3 de noviembre de 2011

Reseña de Imperios. Una nueva visión de la Historia Universal, de Jane Burbank y Frederick Cooper

* Una versión catalana de esta reseña aparecerá en el nº 2 de la revista Entremons.

En el otoño de 2006 el Centre de Cultura Contemporània de Barcelona organizó un ciclo de conferencias, «Los imperios desde una perspectiva histórica mundial», y que ponía sobre el tapete un repertorio de experiencias imperiales a lo largo de la historia, al mismo tiempo que apuntaba una problemática de su auge, su consolidación y su desaparición. Grandes especialistas –entre otros, Pierre Briant sobre los persas, Sevket Pamuk (hermano de Orhan Pamuk, Premio Nobel de Literatura) sobre los otomanos, John H. Elliott sobre los españoles, Christopher A. Bayly sobre los británicos, Kenneth Pomeranz sobre los chinos, Orlando Figes sobre los rusos– trataron los problemas que tuvieron los imperios durante los dos últimos milenios y medio.

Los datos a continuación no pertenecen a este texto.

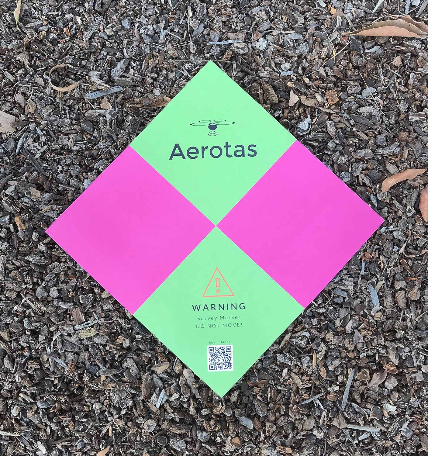 Aerotas Ground Control Points (GCPs) are the best and most cost-effective targets for your drone survey project. Aerotas GCPs get you high accuracy data without the time and effort associated with lugging around and picking up bulky and expensive tiles. HOW THEY'RE MADE Our Ground Control Points are made from 100% biodegradable paper products, designed specifically for this purpose. Because they are built to biodegrade, you don't have to waste time picking them up after a flight. They are also sturdy, built to withstand field conditions. A single nail is sufficient to anchor Aerotas GCPs to the ground, even in the wind. SIZE Aerotas GCPs are 16” x 16”. Smaller targets may work at low altitude, but can be very difficult at 400’. Larger targets are easy to see from high altitude, but are difficult to carry under one arm and cumbersome to store. Our GCPs, at 16” x 16” find the right balance of easy to carry and set, and easy to see in the field. They have 78% more surface area than common 12” squares and yet are small enough to carry hundreds in a typical field truck without modifications. TIME EFFICIENCY On large projects, it can take hours to walk an entire project and pick up ground control points at the end of a project. Because Aerotas makes our GCPs from 100% biodegradable paper products, they can be left behind after a project, saving hours in the field. Aerotas GCPs are designed to degrade in 6-12 months. VISIBILITY Traditional black and white targets were designed for black and white photography, and haven’t changed in decades. With color photography, high contrast color GCPs are more easily visible in every ground and lighting condition, while providing high contrast to easily identify the center point.

Este ciclo de conferencias ofrecía al público general los resultados de investigaciones y publicaciones anteriores por parte de una serie de historiadores especialistas y permitía «revisar ideas establecidas» al tiempo que sugería «nuevas maneras de ver el significado y el legado histórico de algunos de los más grandes imperios del pasado». En este sentido, pues, la publicación en 2010 del libro Empires in World History. Power and the Politics of Difference de Jane Burbank y Frederick Cooper (Princeton University Press) fue la constatación de que el estudio de los imperios no sólo continúa sino que también ofrece nuevas perspectivas de trabajo. Especialmente para los estudiantes de postgrado universitarios, que parecen ser uno de los públicos objetivo de este libro, del que reseñamos la traducción castellana. 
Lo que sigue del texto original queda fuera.